Segmentation and Recognition of Highway Assets using Image-based 3D Point Clouds and Semantic Texton Forests
Files
TR Number
Date
Journal Title
Journal ISSN
Volume Title
Publisher
Abstract
Efficient data collection of high-quantity and low-cost highway assets such as road signs, traffic signals, light poles, and guardrails is a critical element to the operation, maintenance, and preservation of transportation infrastructure systems. Despite the importance, current practice of highway asset data collection is time-consuming, subjective, and potentially unsafe. The high volume of the data that needs to be collected can also negatively impact the quality of the analysis. To address these limitations, this paper proposes a new algorithm for semantic segmentation and recognition of highway assets using video frames collected from a car-mounted camera. The proposed set of algorithms (1) takes the captured frames and using a pipeline of Structure from Motion and Multi View Stereo reconstructs a 3D point cloud model of the highway and surrounding assets; (2) using a Semantic Texton Forest classifier, each geo-registered 2D video frame at the pixel-level is segmented based on shape, texture, and color of the highway assets; and finally (3) based on the results of the 2D segmentation and a new voting scheme, each reconstructed 3D point in the cloud is also categorized for one type of asset and is color coded accordingly. The resulting augmented reality environment which integrates the color coded point clouds with the geo-registered video frames enables a user to conduct visual walk through and query different categories of assets. Experiments were performed on a challenging video dataset containing sequences filmed from a moving car on a 2.2-mile-long, two-lane highway research facility.

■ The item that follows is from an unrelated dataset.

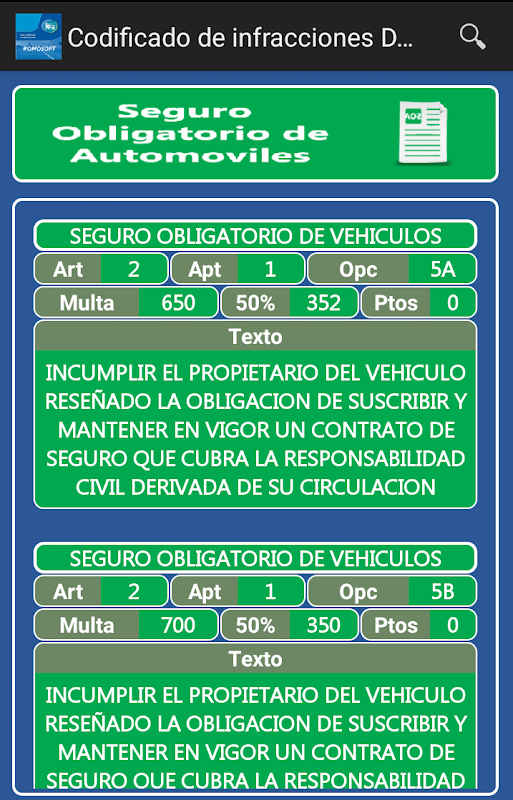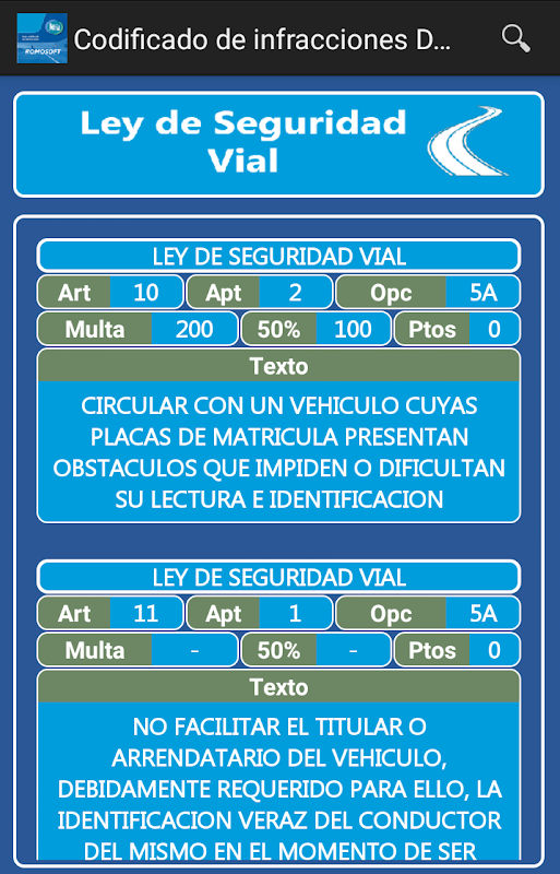 Guia codificada de infracciones DGT. Contiene las reformas mas importantes de la Ley de Seguridad Vial. Real Decreto Legislativo 6/2015, de 30 de octubre, por el que se aprueba el texto refundido de la Ley sobre Tráfico, Circulación de Vehículos a Motor y Seguridad Vial. Esta aplicación permite consultar las infracciones de tráfico publicadas en la guia codificada de infracciones editada por la Direccion General de Tráfico. Permite asignar las infracciones más usuales o habituales en favoritos. Además utliza los mismos colores para las infracciones de las distintas leyes y reglamentos para que le sea mas fácil utilizar a los usuarios familiarizados con la guia.

Experimental results with an average accuracy of 76.50% and 86.75% in segmentation and pixel-level recognition of 12 types of asset categories reflect the promise of the applicability of this approach for segmentation and recognition of highway assets from image-based 3D point clouds. It also enables future algorithmic developments for 3D localization of traffic signs and other assets that are detected using the state-of-the-art vision-based methods.